Held – discharging the interim care orders and dismissing the proceedings –
(1) Apart from proceedings under the Adoption Act 1976, whatever jurisdiction he might be exercising a judge of the Family Division could not make an order which had the effect of depriving the Secretary of State of his power to remove a child or any other party to proceedings (see para [48 ]).
(2) The functions of the court under the Children Act 1989 and of the Secretary of State under the Immigration Act 1971 and related legislation were, by and large, separate and distinct. The court and the Secretary of State were performing different functions and, necessarily, applying different tests. The court, when exercising its powers under the Children Act 1989 was not entitled to have regard to immigration policy and must be guided by the interests of the child. The Secretary of State did not apply the principle that the child’s interests were paramount, but performed a balancing exercise in which the scales started even (see para [53 ]).
(3) Where Children Act proceedings related to a child who was liable to removal or deportation the jurisdiction should be exercised very sparingly (see para [53 ]).
(4) If, apart from immigration questions, there was no genuine dispute concerning the child, the use of the court’s jurisdiction to attempt to influence the decision of the Home Secretary was an abuse of process (see para [53 ]).
(5) The only task of the court in care proceedings was to assess whether there was some ‘solid advantage’ to the children in continuing the proceedings.

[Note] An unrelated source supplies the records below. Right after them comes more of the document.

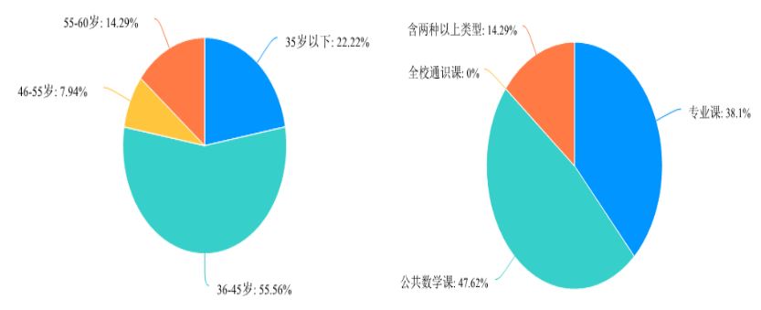 本次调查收到任课教师有效问卷63份,其中45岁以下教师占77.8%。任课教师讲授的课程类型中,38.1%为专业课,47.62%是公共数学课,同时任教两种类型的占14.29%。
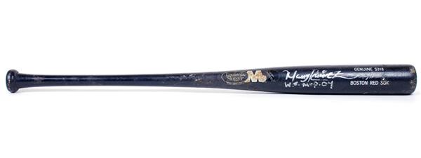 Louisville Slugger Manny Ramirez M9 Genuine S318 34" game used bat. Heavy pine tar. Signed by Manny with "WS MVP 04" written below his signature. There is a scuff through the inscription. Bat shows heavy game use.
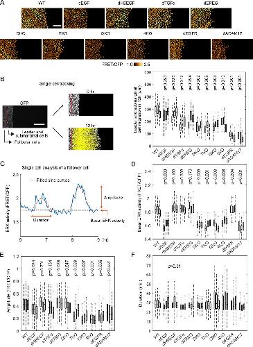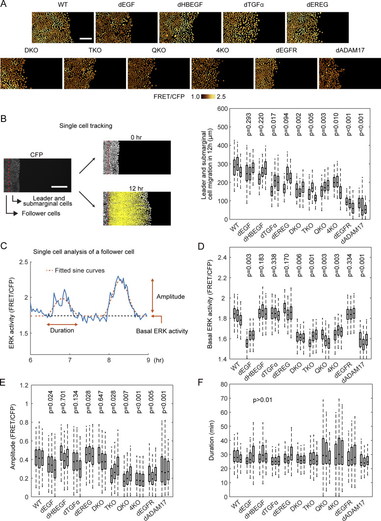 Figure 2. Single-cell analyses of ERK activation dynamics in MDCK cells deficient of epidermal growth factor receptor ligands.MDCK cells expressing EKARrEV were subjected to confinement release assay. (A) Time-lapse images of FRET/CFP ratio were acquired every 2 min for up to 12 h to generate Video 1. Shown are snapshots cropped from the Video. Scale bar, 100 μm. (B) We defined the cells locating within 100 μm from the edge of the open space as the leader and submarginal cells, the others as follower cells. CFP channel images were binarized for single cell detection. From the track of the leader and submarginal cells, migration distance in 12 h was measured (left). Scale bar, 200 μm. Boxplot of leader and submarginal cell migration in 12 h observation (right). The total number of analyzed cells from three independent experiments is as follows: WT, 395, 167, and 298 cells; dEGF, 386, 408, and 178 cells; dHBEGF, 447, 370, and 478 cells; dTGFα, 408, 366, and 388 cells; dEREG, 505, 525, and 504 cells; DKO, 256, 233, and 304 cells; TKO, 197, 270, and 229 cells; QKO, 278, 463, and 441 cells; 4KO, 407, 233, and 154 cells; dEGFR, 584, 303, and 217 cells; dADAM17, 254, 183, and 205 cells. (C) After applying a mask for nuclei of the follower cells, the time course of FRET/CFP ratio in each cell was analyzed from six to 9 h after the start of migration (blue line). The ratio values were fitted by sine curves for the detection of waves (red line). (D, E, F) For each wave, basal ERK activity (D), amplitude (E) and duration (F) were determined. The numbers of analyzed cells are as follows: WT, 814, 801, and 990 cells; dEGF, 789, 596, and 789 cells; dHBEGF, 846, 617, and 683 cells; dTGFα, 808, 762, and 838 cells; dEREG, 762, 1,030, and 953 cells; DKO, 638, 656, and 560 cells; TKO, 649, 778, and 567 cells; QKO, 507, 638, and 567 cells; 4KO, 681, 291, and 451 cells; dEGFR, 643, 493, and 684 cells; dADAM17, 346, 498, and 318 cells. (B, D, E, F)
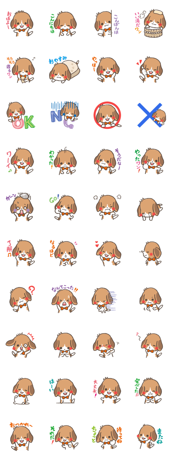 スタンプ説明 犬のビーグル、ちび太です。ゆる〜い気持ちを伝えたいときに使ってください。
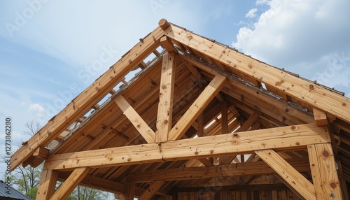 Fototapeta premium Wooden roof structure construction site architectural detail outdoor upward view craftsmanship
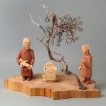 Auf der Suche nach Themen stellte ich sehr schnell fest, dass ich mich in meine eigene Kindheit zurückversetzte. Die Nachkriegswirren hatten es mit sich gebracht, dass ich im Münsterland groß wurde. In meiner weiteren Schnitzarbeit widmete ich mich mehr und mehr konkreten Personen, Situationen und Erlebnissen, die ich als Kind erfahren habe. Als die ersten Arbeiten gefertigt waren, wurde mir klar, dass ich jede weitere Schnitzidee unter das Thema „Dreidimensionale Kindheitserinnerungen“ stellen würde. Ab diesem Zeitpunkt setzte ich mich vollkommen fokussiert mit dem Münsterland und den Münsterländern aus verschiedenen Perspektiven auseinander.
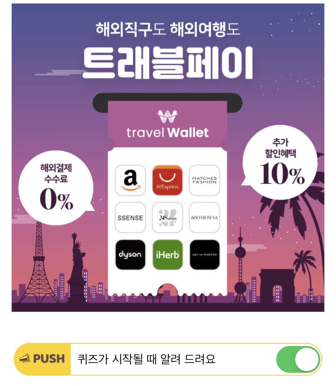 해외직구로 해외여행 가자! 간편한 결제, OOOOO. 여기서, OOOO에 들어갈 단어는 무엇일까요?
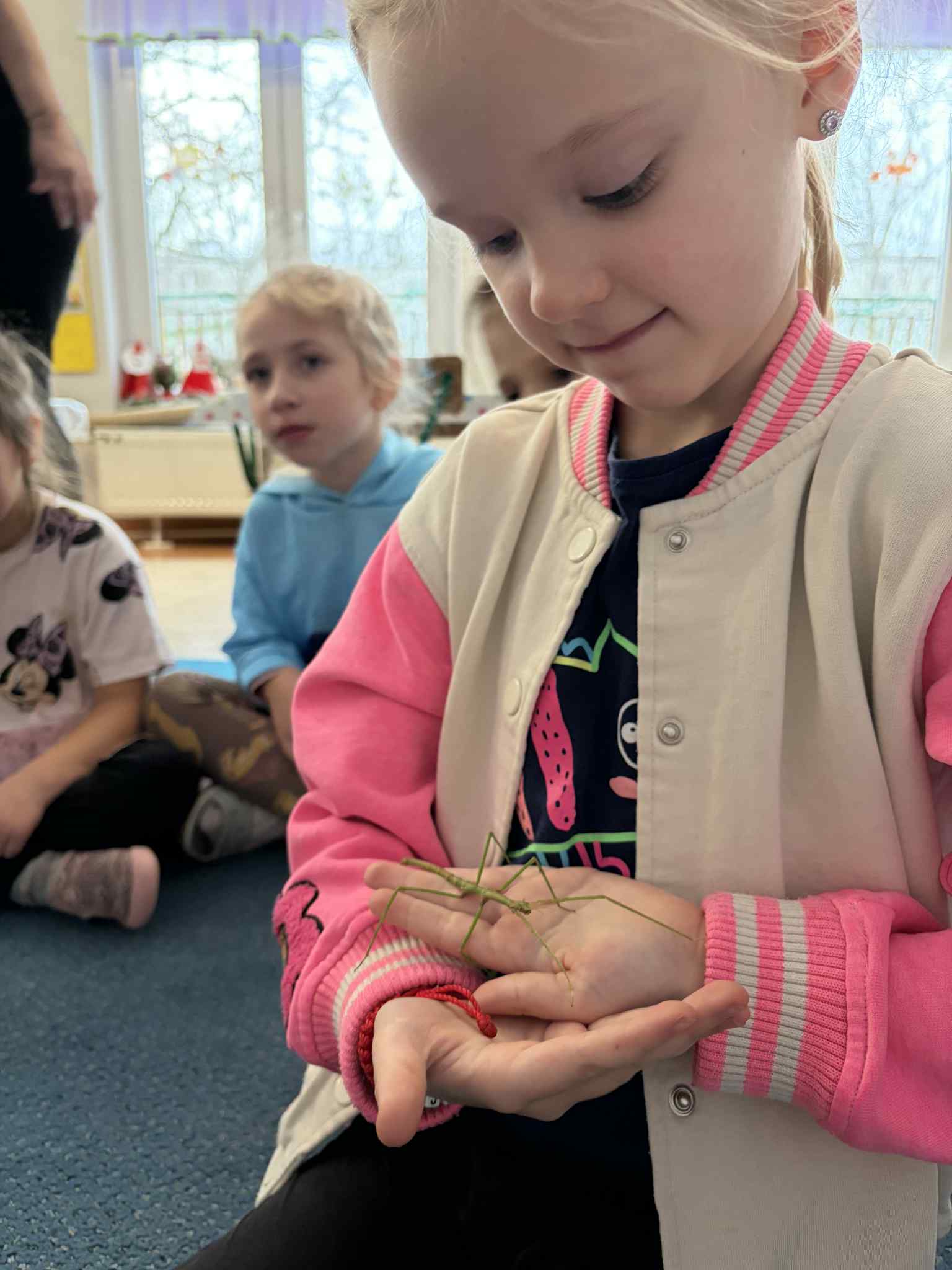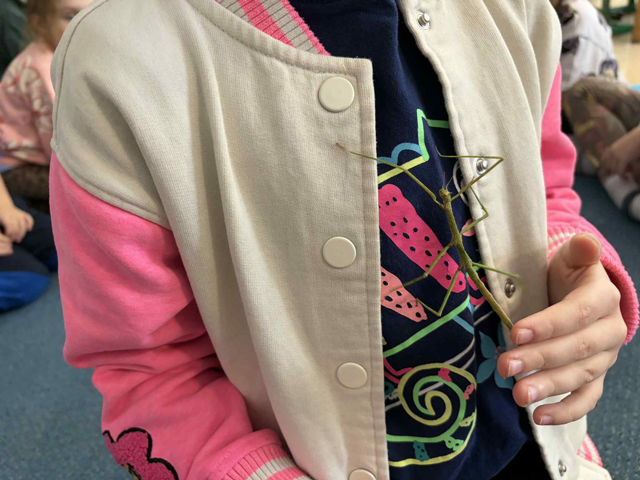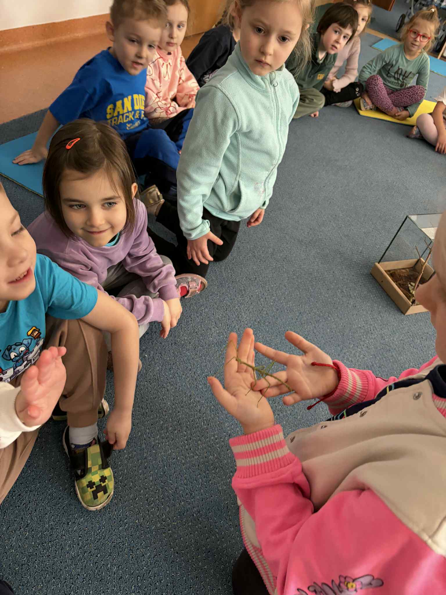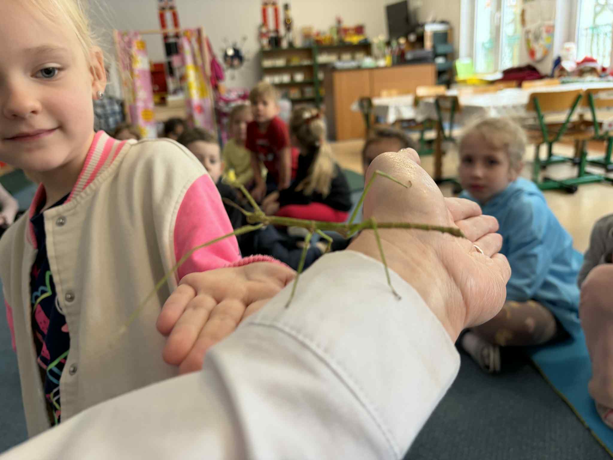 OSTATNIO ODWIEDZIŁ NAS WYJĄTKOWY GOŚĆ – PATYCZAK. PRZYSZEDŁ DO NAS DZIĘKI NASZEJ NAJSTARSZEJ KOLEŻANCE MAI Z GRUPY CZWARTEJ, KTÓRA PRZYNIOSŁA GO I OPOWIEDZIAŁA WIELE CIEKAWYCH INFORMACJI NA JEGO TEMAT. DOWIEDZIELIŚMY SIĘ, CZYM SIĘ ŻYWI, JAK WYGLĄDA JEGO CODZIENNE ŻYCIE ORAZ CZEGO POTRZEBUJE, ABY ZDROWO ROSNĄĆ I CZUĆ SIĘ BEZPIECZNIE. SPOTKANIE BYŁO ŚWIETNĄ OKAZJĄ DO NAUKI PRZEZ BEZPOŚREDNI KONTAKT Z PRZYRODĄ, ZADAWANIA PYTAŃ I ROZWIJANIA CIEKAWOŚCI ŚWIATA. DZIECI BYŁY BARDZO ZACIEKAWIONE I Z DUŻYM ZAINTERESOWANIEM OBSERWOWAŁY PATYCZAKA ORAZ SŁUCHAŁY OPOWIEŚCI MAI. TO BYŁA DLA NAS WSZYSTKICH BARDZO MIŁA I POUCZAJĄCA WIZYTA.

(6) In the present case there was no evidence to show that the children were at real or substantial risk of harm from either parent, who, in the view of the local authority were good and caring parents, devoted to their children. The question of risk to the children arising out of conditions in their country of origin was not a question for the court in care proceedings; it could not be used to seek to prevent a family which came from a foreign country from returning there if that was what they wanted, and could not be used in the instant case. There was no sound evidential basis for the assertion that the parents would be unable to parent effectively if the family were returned to their home country. There was, therefore, no basis for continuation of the proceedings, which were no longer serving any useful or even legitimate purpose and were conferring no benefit on the children. In truth, the parents were seeking to use the court as a means of influencing or attempting to influence the Secretary of State, which was an abuse of process (see paras [54 ], [58 ], [60 ], [61 ], [64 ], [67 ]).